The two vampires had him down, but when they hesitated, one of them must have loosened their grip, just a fraction. I saw something silver glint in the bad guy’s hand. I yelled, “Knife!” but it was too late. The blade hit the dark one in the chest. Something about that blow seemed to stagger the blond, because he went to his knees beside his friend. Maybe he thought we had the bad guy covered. He knelt and reached for his fallen friend, and if the bad guy had done the usual and stood up and run through the door, we’d have had clean shots at him. But he didn’t, he pushed the door wide with his hand, and half-crawled, half-rolled through the door. The two civilians were blocking our shots completely.

I yelled, “Fuck!” and started to run.

67

WE CLEARED THE far door, me going low, Zerbrowski high. Marconi and Smith a weight at our backs waiting for a clear angle. We were in the parish hall, and in the middle of all those long tables was the vampire. He was using his leather jacket to shield his face from the white-hot glow of the two uniforms’ crosses. They had their guns in one hand, and the crosses in the other, almost like you’d hold flashlights, so that they were able to maintain a two-handed grip and still show the crosses. Training will tell.

I yelled, “He’s got a knife!”

I saw one of the men’s eyes flick to me, but only for a second. “We’ll cover him, you pat him down.”

“Don’t be a wussy, Roarke,” Smith said, from behind me.

“Call me a wussy when you’re standing this close to him.”

I kept my gun on the vampire and walked slowly toward him. I talked while I moved, “Slowly, drop the knife.”
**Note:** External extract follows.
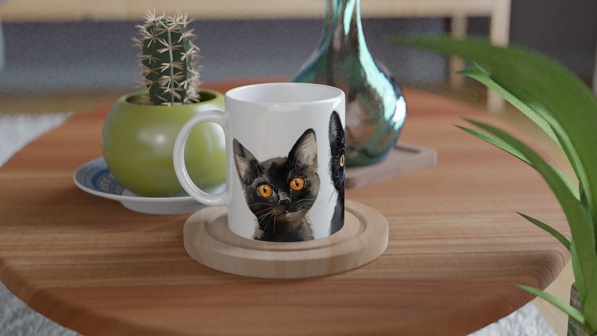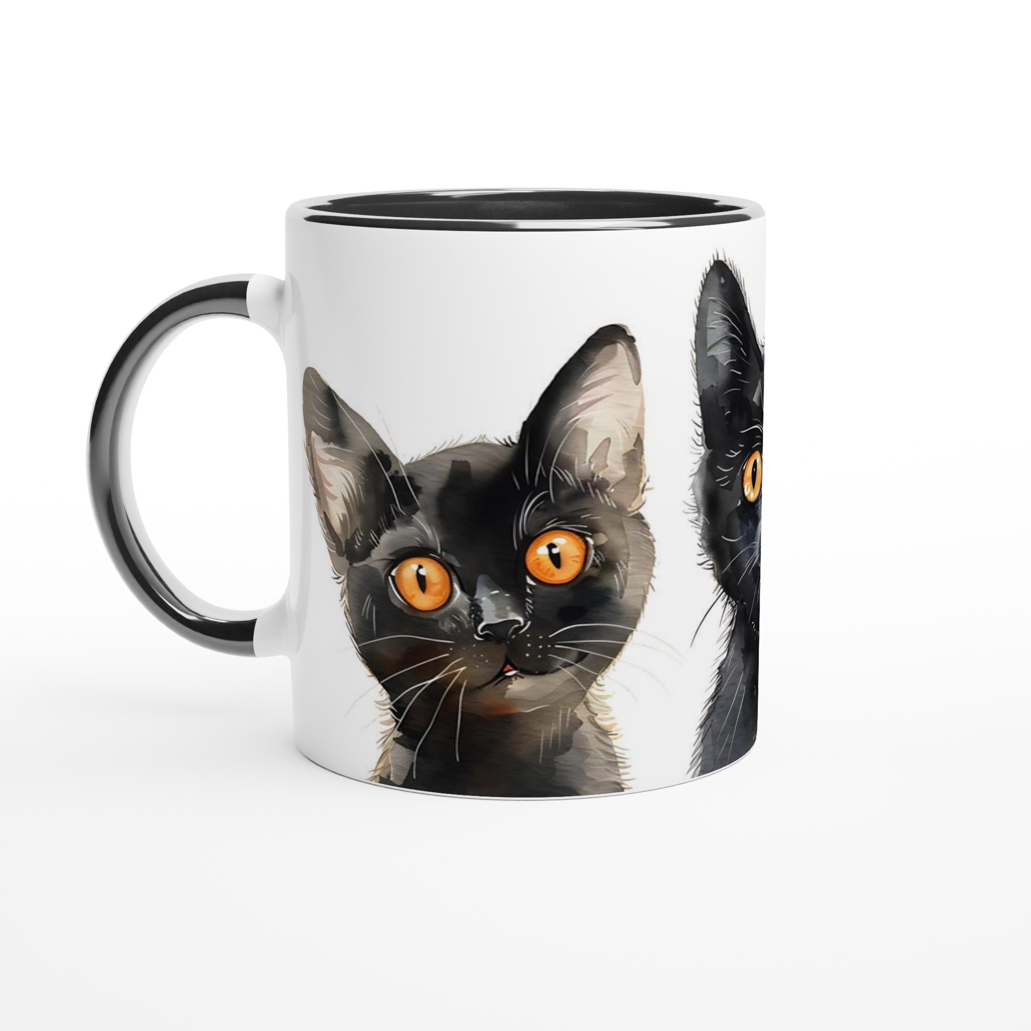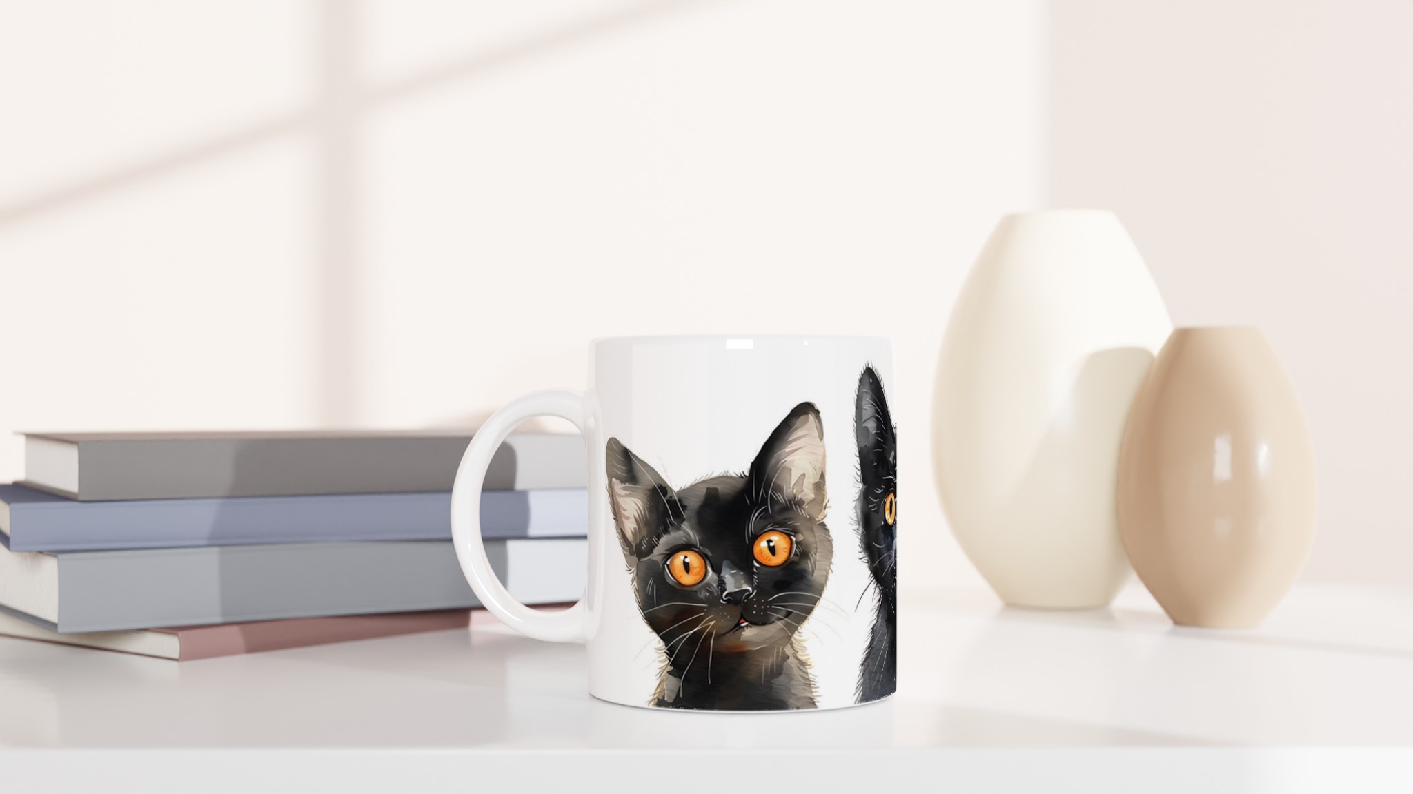Låt dessa tre charmiga svarta katter med sina intensiva orangea ögon väcka liv i din morgonrutin! Den här stilrena keramiska muggen, prydd med ett lekfullt och konstnärligt kattmotiv, blir snabbt en vardagsfavorit. Perfekt för morgonkaffet, kvällens varma choklad eller när du bara vill njuta av en kopp te. Den blanka vita ytan gör att trycken framhävs med klara och levande färger, som håller sig fina även efter många turer i mikron och diskmaskinen.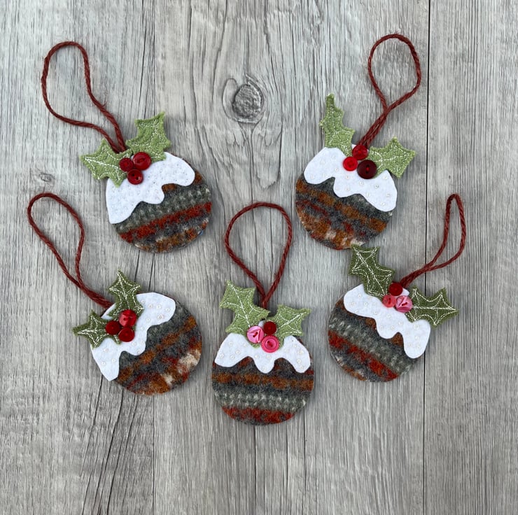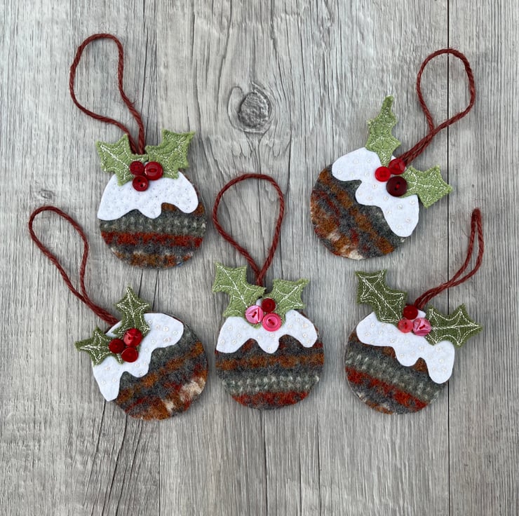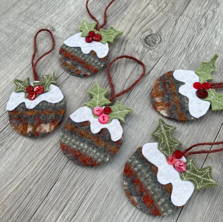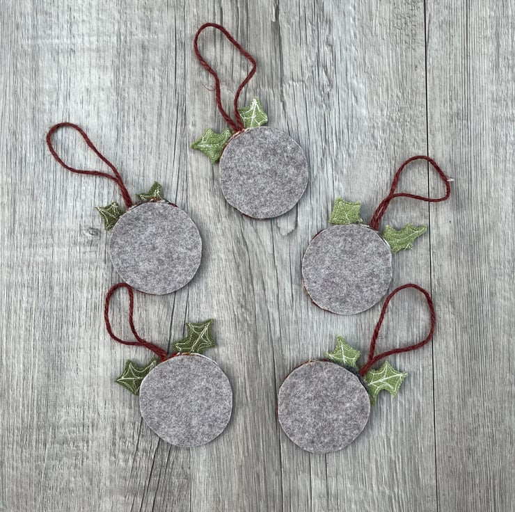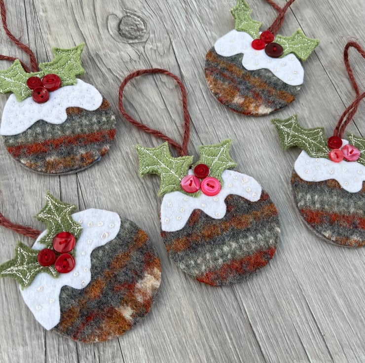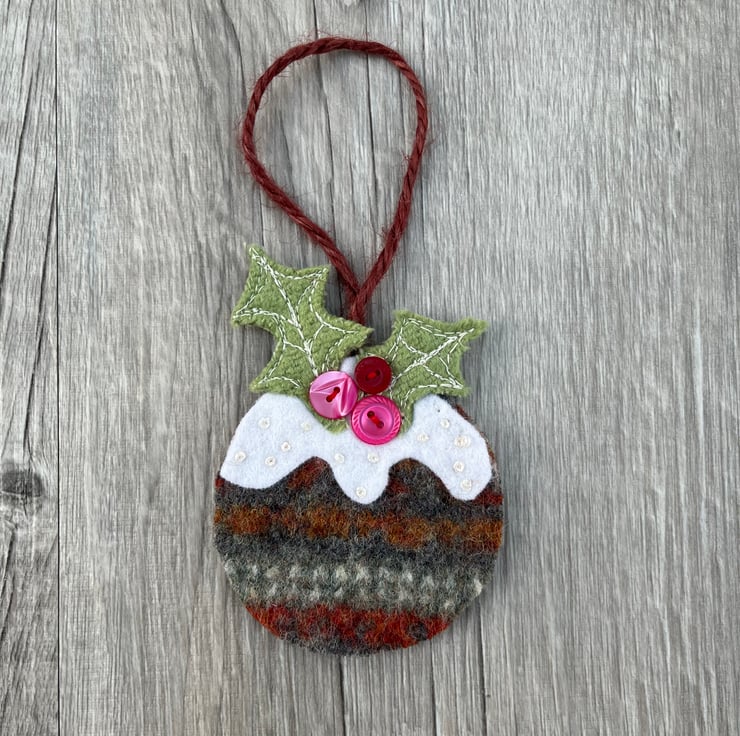 Made of repurposed felted wool with a white felt topping, it has hand stitched, mismatched repurposed red button berries, hand dyed wool blanket free motion embroidered holly leaves and a twine loop to hang. A felt circle is on the back and there's hand embroidered detail on the white felt.

The vampire didn’t move, except to cower behind his jacket.

I stopped moving and looked down the barrel of my gun at him. I felt myself going quiet inside, slipping away inside my head to that distant strangely peaceful place I went when I killed, and had time to rev up for it. “I’ll ask one more time, Jonah. Drop the knife, or I put a bullet in you. I won’t . . . ask . . . again.” All the air slid out of me, and my body went as still and peaceful as my head. I didn’t hear that white noise tonight, that static, it was just quiet. The world had narrowed down to the crouching figure and nothing else. I wasn’t really aware of the police, Zerbrowski behind me, even the glow of the crosses had pulled back, so that my vision was sharpened down to the man I was about to shoot.

Something dropped from that dark figure, something silver that glinted in the white glow, but it didn’t really register. I didn’t think knife. I had passed the point of no return. I was committed.

Zerbrowski’s voice brought me back. “Knife, Anita, he dropped the knife.” His voice was gentle, as if he understood that I was on the edge. The edge where a sharp voice might have pressed that trigger for me.

My breath came back in a sharp hiss of air. I pointed the gun at the ceiling, because I had to stop pointing it at the man. I had to point it elsewhere, or I was going to shoot him. Legally, I could have done it, but we needed him to talk to us. The dead, the true dead, aren’t a chatty bunch.